Un vestiaire silencieux et un sentiment d’abandon
Lovren estime aussi que le vestiaire n’a pas suffisamment protégé son ancien coéquipier. Il parle de responsabilités partagées, mais mal assumées.
Selon lui, d’autres joueurs auraient dû se lever, reconnaître leurs torts, assumer publiquement une part des échecs. « Certains ne sont jamais sortis du bois », regrette-t-il. Il dénonce une gestion interne défaillante, des problèmes non réglés derrière les portes du vestiaire.

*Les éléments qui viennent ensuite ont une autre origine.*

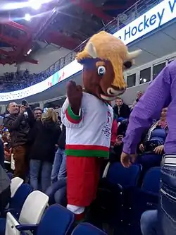 Официальным талисманом чемпионата мира по хоккею с шайбой 2014 стал зубр по имени Волат[7] (в переводе с белорусского языка — «богатырь»), играющий в хоккей (автор — дизайнер Виталий Ортюх).

Salah, raconte-t-il, ne se serait jamais senti pleinement soutenu. Toujours en première ligne, toujours en une, toujours désigné comme le visage des problèmes. « C’est un problème profond », conclut-il.
Pendant que Liverpool prépare déjà l’après-Salah et cible notamment Yan Diomande comme priorité pour lui succéder, l’ombre du roi d’Anfield continue de planer sur le club.
La question, désormais, n’est plus de savoir s’il partira. Elle est de savoir quel maillot il enfilera pour écrire le dernier grand chapitre de sa carrière.